Health care graphs, stethoscope and professional using laptop to review records

In this current day and age of electronic health records (EHRs) it is hard to remember a time when all health records were maintained on paper. Clinical data was collected as a part of a time limited study or a sample, and full population data was almost unheard of. Some of the earliest population-based quality measures were built with administrative claims data. These types of process measures were useful for screening or medication adherence measures based on billable information, however there was limited clinical data for understanding health outcomes. Data collection was and continues to be very labor intensive.

Transition to EHRs Brings New Opportunity to Reduce Burden

A little over a decade ago, MNCM was in its beginning stages of developing new measures and its new direct data submission (DDS) process. At that time, about 40% of Minnesota clinics were still on paper records. It was not uncommon to turn to the progress note for a piece of information that could not be obtained any other way. Fast forward ten years and about 99% of Minnesota clinics are now on EHRs. Clinics have gained proficiency in extraction and query capabilities, and along with that have come more requests for timely clinical data. There has been an increasing emphasis on clinical data and outcome measures that have the most potential to improve population health. It is no longer practical to manually abstract even a few pieces of information from the EHR as a part of ongoing quality measurement.

Guiding Principles for a New Approach

For this reason, we need guiding principles to reduce burden for medical groups, support automation of quality measurement, and enable more timely feedback to inform quality improvement efforts. These principles will be used in implementing MNCM’s new PIPE system of data collection, and will also inform MNCM’s future measure development decisions.

For existing measures, elements will be considered for retention when identified by a standardized set of codes, i.e. codable. Currently, most elements that are not codable are contained in exclusions or exceptions. A few of the exceptions, after guideline or medication evolution, no longer made sense and needed a little bit of tuning up.

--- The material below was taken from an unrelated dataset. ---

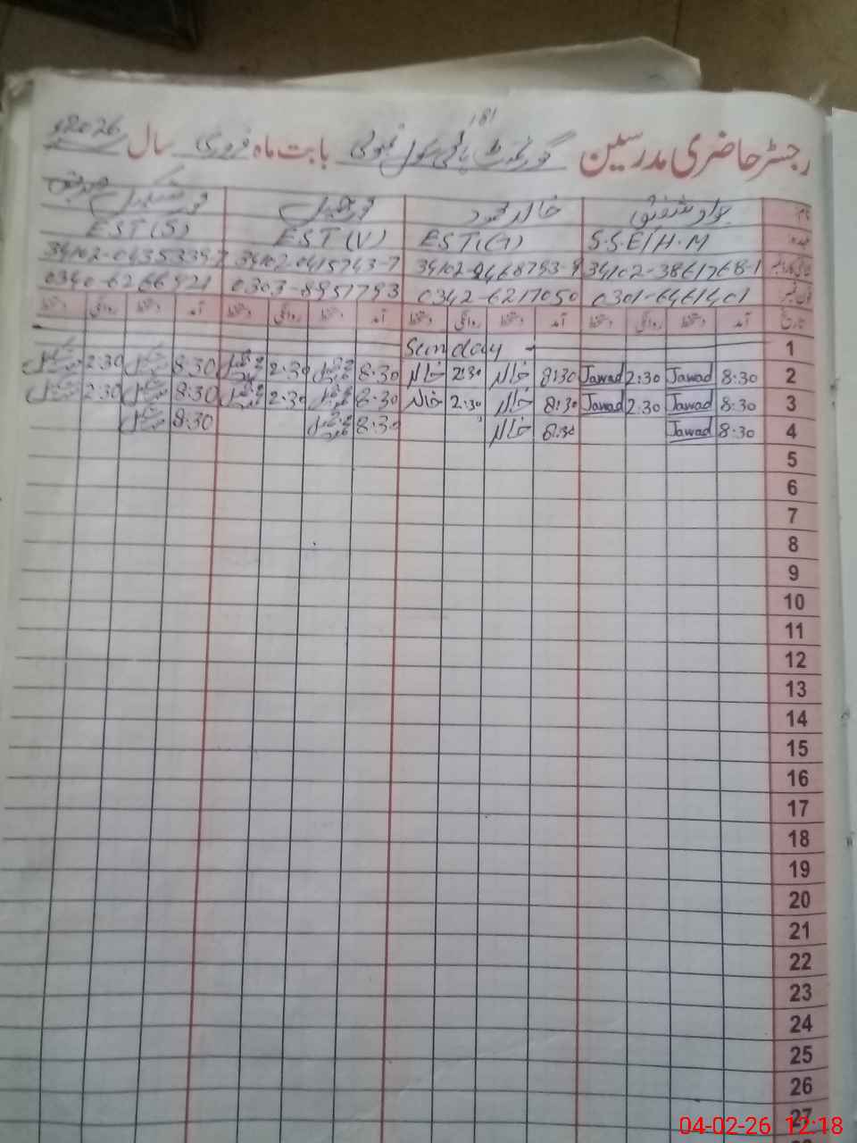 | Name: JA**** SH**** Designation: (School Headmaster's/Headmistress's) SSE INC HEAD Phone/Cell Number: 03**** |

Future measures developed and stewarded by MNCM must include:

  • Reliable (and consistently used) codes for all components of the measure construct.
  • A consideration for a more inclusive measure with no exclusions.
  • Exclusions and exceptions need to be present in a significant percentage of the population (i.e., 5%).
  • If an exclusion or exception is rare (and codable), there needs to be a strong justification for including it.
  • PRO-based measures should rely on a validated PRO tool with strong psychometrics, validated cut-points and scoring for desired outcomes, and the tool should be free for clinical use & multiple modes of administration.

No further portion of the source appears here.